Korean Influencers Expose The Disturbing Parallels Between Palestine And Korea

They offered multiple parallels.

The ongoing violence in Palestine, which has resulted in colossal loss of civilian lives, has drawn concerns and condemnation from across the globe. Human rights experts have called the Israeli aggression against Palestinians “mass ethnic cleansing,” citing the large death toll and alarming rate of displacement. Like many nations, a significant part of the South Korean population has voiced their support for the Palestinian people and has called for its liberation. While this support is based mainly on humanitarian grounds, there are a few additional facts that make Koreans uniquely empathetic to the Palestinian plight.

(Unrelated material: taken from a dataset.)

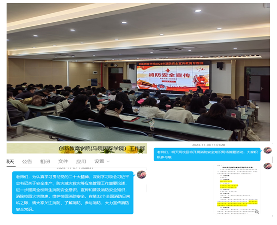在第32个全国消防日到来之际,公司通过线上工作群发放相关宣传资料,线下召开消防安全宣传教育专题会普及消防安全知识,强化教职工消防安全意识。此外,还进行了消防安全检查。对学院所涉及的办公实训场所的水、电、门窗等进行了安全排查,对学院教职工非机动车辆未按规定停放的进行了提醒和告诫。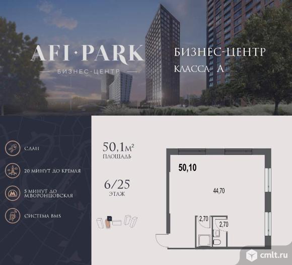 Продается просторное коммерческое помещение общей площадью 50,1 на 6 этаже в готовом бизнес-центре AFI Park. Строительство комплекса завершено.

First is the striking parallel between the first “Nakba” of 1948 and the Jeju Uprising of the same year. The 1948 “Nakba” was the mass displacement and dispossession of an estimated 7,60,000 Palestinians from their homes as Zionist militias destroyed and erased nearly 500 Palestinian villages. The incident, which is considered ethnic cleansing by scholars like Ilan Pappé, led to the creation of the state of Israel. It was during this same period that Korea gained its independence from Imperial Japan and was arbitrarily separated into North and South Korea. This division along the 38th parallel led to a massacre that, as one TikTok creator, Anna Kook, succinctly pointed out, “the US has not admitted or apologized for” to this day.

After the Korean peninsula was partitioned, thousands of Koreans on Jeju Island refused to accept the decision, especially after fighting long and hard for their country’s liberation. Protests broke out all over the island, but the movement was brutally suppressed under US military supervision. Over six years, more than 30,000 people were killed in Jeju. It essentially wiped out 10% of the island’s population. It’s remembered as the “April 3rd massacre” in South Korea.

The US claimed that these “rebels” were communists and they were simply trying to stop a communist insurgency in the South. But Koreans still carry immense trauma from the massacre and continue to fight for an apology.

Writer and translator Anton Hur, who worked on BTS‘s memoir Beyond The Story, acknowledged Anna Kook’s video, citing that Han Kang’s book We Do Not Part deals with the same subject matter, which is otherwise not talked about enough in South Korea today.

Just as the Imperial British Government arbitrarily dissected the Palestinian territory, leading to a partition plan adopted by the United Nations at the end of the British Mandate in the region, South Korea, too, was arbitrarily divided by the United States at the 38th parallel border in 1948. The military enforcement of these borders in both regions created dire consequences that brought about colossal suffering for both Koreans and Palestinians for over 70 years.

Another equivalence that Koreans have traced between themselves and Palestinians is the emotional exhaustion of their pain being denied. Youngmi Mayer, another Korean TikTok creator, posted a video saying that both groups know “what it feels like to have an oppressor who acts like the f*cking victim all the time.”

Mayer’s video was actually in response to another Japanese creator, who talked about how she found parallels between herself, a profoundly patriotic Japanese person who was oblivious about Imperial Japan’s colonial past for a long time, and people in Israel. Mayer said she was happy that a Japanese person started the discourse because “it’s their responsibility.”

She pointed out how public image building has almost absolved Japan of its colonial past, but Koreans still can’t mourn their dead without being criticized. The dehumanization of the entire Korean population carries on beyond the lifespan of Imperial Japan, but the government still refuses to acknowledge the country’s past crimes.

Mayer also pointed out that while Japan is considered to be a victim by most, including the creator she was responding to, for the Hiroshima and Nagasaki bombings, thousands of Koreans lost their lives in those bombings, too. She acknowledges that the death of Japanese civilians was also unfortunate; the tragedy of the Korean victims was that they were taken to Japan mostly forcibly as enslaved people.

The creator says that even if Japanese or Israeli people gather up the courage to criticize their authorities’ actions, “it’s too late” for victims like Koreans and Palestinians.

However, Mayer said that this acknowledgment of guilt is the only way forward for cultures that were or are engaged in an oppressor-oppressed dynamic to achieve peace.

While South Korean citizens continue to show solidarity with Palestinians, the country voted in favor of an immediate ceasefire and release of all hostages at the United Nations General Assembly on December 13, along with 152 other countries.